◆ WORK TO COMPLETE
Determine how many lines below contain the word "natural", then write that number by itself.

◆ DATA RECORDS
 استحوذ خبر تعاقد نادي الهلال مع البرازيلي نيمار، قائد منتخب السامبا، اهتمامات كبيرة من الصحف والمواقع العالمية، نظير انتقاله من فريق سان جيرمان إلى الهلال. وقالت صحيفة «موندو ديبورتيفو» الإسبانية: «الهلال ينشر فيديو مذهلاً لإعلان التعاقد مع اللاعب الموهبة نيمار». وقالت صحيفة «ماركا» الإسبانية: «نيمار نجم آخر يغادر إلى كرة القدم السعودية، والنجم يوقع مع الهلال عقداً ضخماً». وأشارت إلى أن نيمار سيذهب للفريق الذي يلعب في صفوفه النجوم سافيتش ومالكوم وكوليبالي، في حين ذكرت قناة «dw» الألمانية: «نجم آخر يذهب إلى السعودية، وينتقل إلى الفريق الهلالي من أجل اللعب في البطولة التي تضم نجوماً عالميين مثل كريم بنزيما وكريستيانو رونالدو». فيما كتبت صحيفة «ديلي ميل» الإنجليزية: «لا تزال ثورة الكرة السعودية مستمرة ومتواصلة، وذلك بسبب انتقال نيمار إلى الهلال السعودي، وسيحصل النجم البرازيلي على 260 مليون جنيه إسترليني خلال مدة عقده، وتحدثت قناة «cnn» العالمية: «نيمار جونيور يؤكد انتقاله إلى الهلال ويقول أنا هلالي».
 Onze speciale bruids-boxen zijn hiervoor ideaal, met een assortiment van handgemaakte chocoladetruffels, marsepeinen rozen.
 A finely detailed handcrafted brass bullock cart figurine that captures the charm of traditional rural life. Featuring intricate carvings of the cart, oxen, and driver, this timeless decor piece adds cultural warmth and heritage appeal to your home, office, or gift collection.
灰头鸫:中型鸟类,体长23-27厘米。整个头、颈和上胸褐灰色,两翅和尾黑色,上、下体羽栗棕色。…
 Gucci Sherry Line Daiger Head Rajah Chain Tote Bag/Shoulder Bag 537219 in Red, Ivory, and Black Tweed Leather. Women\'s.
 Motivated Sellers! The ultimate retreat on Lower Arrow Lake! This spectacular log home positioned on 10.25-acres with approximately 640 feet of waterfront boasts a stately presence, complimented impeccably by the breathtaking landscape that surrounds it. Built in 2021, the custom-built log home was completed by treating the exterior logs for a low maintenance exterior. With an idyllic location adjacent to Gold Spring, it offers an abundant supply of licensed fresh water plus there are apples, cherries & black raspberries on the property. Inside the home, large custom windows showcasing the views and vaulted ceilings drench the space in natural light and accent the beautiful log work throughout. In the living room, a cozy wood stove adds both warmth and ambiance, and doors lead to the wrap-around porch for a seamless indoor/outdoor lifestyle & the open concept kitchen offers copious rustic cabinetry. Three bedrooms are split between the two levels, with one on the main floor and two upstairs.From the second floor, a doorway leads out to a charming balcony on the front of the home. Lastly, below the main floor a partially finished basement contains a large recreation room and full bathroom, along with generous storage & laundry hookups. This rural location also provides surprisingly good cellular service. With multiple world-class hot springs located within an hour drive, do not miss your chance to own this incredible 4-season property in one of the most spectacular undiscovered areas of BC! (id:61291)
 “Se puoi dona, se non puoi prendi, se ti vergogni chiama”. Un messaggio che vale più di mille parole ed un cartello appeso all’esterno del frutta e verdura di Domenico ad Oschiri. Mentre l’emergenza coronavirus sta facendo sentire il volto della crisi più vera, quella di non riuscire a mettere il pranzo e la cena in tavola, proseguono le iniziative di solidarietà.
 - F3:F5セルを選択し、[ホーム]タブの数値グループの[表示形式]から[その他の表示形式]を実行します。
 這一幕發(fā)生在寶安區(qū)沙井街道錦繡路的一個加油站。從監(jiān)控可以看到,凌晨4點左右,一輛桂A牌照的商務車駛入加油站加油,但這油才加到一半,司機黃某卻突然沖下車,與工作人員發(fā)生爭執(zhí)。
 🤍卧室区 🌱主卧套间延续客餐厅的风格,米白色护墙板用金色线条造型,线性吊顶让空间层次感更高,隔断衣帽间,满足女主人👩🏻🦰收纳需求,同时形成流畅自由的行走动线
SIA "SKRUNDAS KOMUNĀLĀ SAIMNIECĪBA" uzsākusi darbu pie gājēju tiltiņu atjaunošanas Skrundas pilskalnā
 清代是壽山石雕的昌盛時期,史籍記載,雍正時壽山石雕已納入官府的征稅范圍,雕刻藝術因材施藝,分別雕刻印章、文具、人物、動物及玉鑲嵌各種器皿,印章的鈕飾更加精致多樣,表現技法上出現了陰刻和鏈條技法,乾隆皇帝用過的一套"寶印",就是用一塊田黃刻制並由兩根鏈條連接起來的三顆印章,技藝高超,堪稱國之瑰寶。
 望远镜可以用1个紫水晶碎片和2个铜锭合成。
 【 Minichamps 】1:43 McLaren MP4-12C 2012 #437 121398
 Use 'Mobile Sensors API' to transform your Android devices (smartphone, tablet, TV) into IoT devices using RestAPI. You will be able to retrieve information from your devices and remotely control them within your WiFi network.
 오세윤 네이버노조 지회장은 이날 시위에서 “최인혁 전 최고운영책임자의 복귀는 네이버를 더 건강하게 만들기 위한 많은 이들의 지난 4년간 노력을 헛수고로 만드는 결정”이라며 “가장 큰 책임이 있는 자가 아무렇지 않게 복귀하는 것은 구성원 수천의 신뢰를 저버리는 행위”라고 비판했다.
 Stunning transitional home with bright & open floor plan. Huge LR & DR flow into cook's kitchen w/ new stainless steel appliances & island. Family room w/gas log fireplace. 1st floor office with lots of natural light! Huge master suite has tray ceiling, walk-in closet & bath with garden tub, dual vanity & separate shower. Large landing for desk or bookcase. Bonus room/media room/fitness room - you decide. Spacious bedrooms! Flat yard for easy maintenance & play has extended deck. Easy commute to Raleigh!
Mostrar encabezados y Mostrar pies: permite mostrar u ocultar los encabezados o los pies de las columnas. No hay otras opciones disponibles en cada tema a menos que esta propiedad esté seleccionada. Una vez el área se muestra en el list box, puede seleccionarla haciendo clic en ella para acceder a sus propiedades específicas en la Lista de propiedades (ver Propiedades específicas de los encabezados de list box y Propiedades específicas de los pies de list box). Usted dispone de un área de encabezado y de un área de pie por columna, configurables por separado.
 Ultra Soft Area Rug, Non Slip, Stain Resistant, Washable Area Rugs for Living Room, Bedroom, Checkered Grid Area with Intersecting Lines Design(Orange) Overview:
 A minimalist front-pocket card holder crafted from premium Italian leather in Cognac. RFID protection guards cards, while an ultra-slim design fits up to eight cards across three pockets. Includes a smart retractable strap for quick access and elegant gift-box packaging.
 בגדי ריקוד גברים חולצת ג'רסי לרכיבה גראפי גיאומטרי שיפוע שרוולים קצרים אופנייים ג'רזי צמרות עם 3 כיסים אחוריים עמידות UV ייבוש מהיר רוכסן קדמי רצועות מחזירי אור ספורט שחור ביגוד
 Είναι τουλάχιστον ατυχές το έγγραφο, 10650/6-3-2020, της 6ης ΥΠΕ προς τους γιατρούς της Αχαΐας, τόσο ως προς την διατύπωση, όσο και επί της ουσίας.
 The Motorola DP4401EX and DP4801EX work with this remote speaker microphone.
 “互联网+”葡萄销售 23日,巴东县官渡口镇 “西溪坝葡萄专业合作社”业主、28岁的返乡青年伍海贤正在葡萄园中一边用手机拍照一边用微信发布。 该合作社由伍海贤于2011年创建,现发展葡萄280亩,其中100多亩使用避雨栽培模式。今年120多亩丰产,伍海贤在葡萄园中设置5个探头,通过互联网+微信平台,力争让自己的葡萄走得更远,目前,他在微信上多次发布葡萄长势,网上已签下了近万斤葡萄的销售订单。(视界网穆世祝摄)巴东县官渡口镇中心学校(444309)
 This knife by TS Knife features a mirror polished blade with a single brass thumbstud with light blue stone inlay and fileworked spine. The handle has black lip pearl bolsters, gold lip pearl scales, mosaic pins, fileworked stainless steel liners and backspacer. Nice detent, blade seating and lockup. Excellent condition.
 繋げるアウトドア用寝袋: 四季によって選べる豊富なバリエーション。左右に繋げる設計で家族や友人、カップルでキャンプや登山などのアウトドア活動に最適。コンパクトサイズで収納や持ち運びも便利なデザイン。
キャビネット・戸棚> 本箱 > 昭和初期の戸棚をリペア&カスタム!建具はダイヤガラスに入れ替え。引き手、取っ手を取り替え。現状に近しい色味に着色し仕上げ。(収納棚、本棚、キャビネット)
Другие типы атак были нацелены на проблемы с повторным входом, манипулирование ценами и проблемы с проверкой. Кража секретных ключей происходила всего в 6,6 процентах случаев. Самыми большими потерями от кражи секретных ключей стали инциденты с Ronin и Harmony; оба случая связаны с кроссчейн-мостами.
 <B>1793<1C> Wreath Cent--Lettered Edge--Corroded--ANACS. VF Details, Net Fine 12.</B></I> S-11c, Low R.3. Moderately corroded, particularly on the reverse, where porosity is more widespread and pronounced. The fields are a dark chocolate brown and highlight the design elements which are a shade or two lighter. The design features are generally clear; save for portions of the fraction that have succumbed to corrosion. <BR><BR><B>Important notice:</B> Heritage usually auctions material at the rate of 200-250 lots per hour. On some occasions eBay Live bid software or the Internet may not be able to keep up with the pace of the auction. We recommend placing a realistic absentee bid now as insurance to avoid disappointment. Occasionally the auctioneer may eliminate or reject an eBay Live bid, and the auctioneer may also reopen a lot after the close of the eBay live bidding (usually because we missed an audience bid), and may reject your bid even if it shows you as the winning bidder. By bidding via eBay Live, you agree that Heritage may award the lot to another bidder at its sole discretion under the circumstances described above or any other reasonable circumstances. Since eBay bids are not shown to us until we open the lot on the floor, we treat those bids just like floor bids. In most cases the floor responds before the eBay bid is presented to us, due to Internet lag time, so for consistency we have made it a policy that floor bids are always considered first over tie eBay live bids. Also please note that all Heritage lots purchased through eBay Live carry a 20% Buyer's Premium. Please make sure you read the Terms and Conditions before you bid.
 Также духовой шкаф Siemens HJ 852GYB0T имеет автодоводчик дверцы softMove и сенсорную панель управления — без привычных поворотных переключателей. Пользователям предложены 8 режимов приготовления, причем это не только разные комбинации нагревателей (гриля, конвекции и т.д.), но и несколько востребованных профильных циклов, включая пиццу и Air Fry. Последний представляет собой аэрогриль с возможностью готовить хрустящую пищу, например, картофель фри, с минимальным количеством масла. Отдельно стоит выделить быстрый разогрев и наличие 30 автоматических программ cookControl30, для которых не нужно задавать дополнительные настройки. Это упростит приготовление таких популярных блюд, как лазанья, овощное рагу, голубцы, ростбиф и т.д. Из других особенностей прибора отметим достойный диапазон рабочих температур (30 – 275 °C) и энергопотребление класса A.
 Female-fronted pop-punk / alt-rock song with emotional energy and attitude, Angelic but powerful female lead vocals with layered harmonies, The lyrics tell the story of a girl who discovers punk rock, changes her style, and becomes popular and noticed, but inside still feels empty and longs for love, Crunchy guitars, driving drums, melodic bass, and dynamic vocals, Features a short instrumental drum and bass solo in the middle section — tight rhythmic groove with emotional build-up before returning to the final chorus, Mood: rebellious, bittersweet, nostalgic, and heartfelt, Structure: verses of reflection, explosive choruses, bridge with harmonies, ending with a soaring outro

◆ EXERCISE RESULT
2